Abstract

Understanding the genetic pathways behind antibiotic resistance is critical for developing effective preventative and control methods. Furthermore, identifying and characterizing antibiotic resistance genes (ARG) can aid in the development of novel antimicrobial medicines that target these unique resistance pathways. The goal of this study is to look at the pattern of antibiotic resistance genes in E. coli isolated from human urine at the University of Port Harcourt Teaching Hospital, Nigeria.
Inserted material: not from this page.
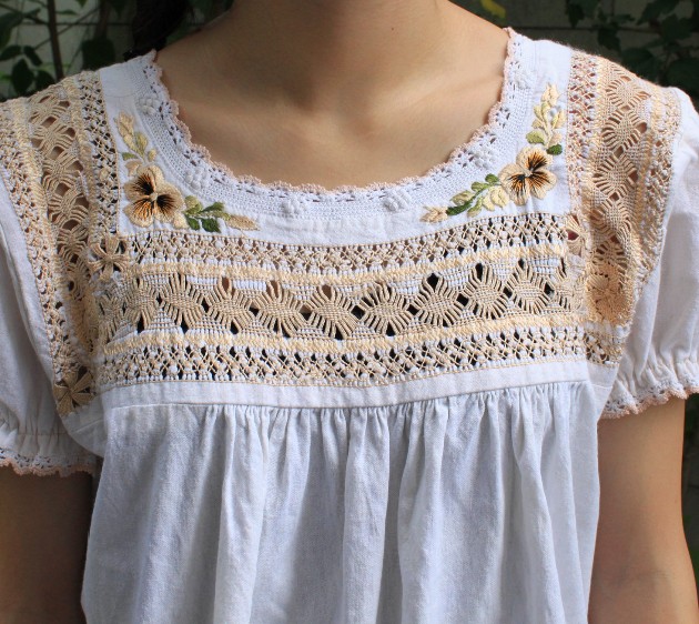 | 特に特徴的なのはデスイラードと呼ばれる手法で、レースになっている部分です。 これは生地の横糸を抜き、刺繍によって縦糸を結びながら模様を描いていくとても難しく、根気のいる作業です。 このデスイラードが入っている洋服は特に高級とされています。 |

Pathogens were isolated and identified using Eosin methylene blue agar. The disc diffusion test was used to assess antimicrobial sensitivity. The identification of the resistance genes encoding beta-lactamases (MBLs, ESBLs, and AmpC) and aminoglycoside modifying enzymes (AME) was done by Polymerase Chain Reaction (PCR). Out of 31 biochemically identified E. coli isolates, 24 (77%) were identified as E. coli using PCR and the remaining 7 (23%) as different bacteria. E. coli demonstrated 100% resistance to cefotaxime, cefuroxime, and imipenem, 97% resistance to ampicillin and amoxicillin/clavulanic acid, 68% resistance to cefixime and 35% resistance to gentamycin using the disc diffusion technique. Other antimicrobial resistance (AR) traits were seen in fewer than 55% of the E. coli isolates. PCR screening revealed the presence of five genes among the isolates, namely blaCTX-M (26.9%), blaSHV (15.4%), blaEBC (23.1%), blaIMP (3.8%), and aac(3)I (30.8%). The aac(3)I gene was the most prevalent significantly (p-value < 0.001). The findings indicate a significant incidence of antimicrobial resistance in E. coli isolates, especially against certain antibiotics, indicating a possible issue with the efficacy of these medications in treating E. coli infections.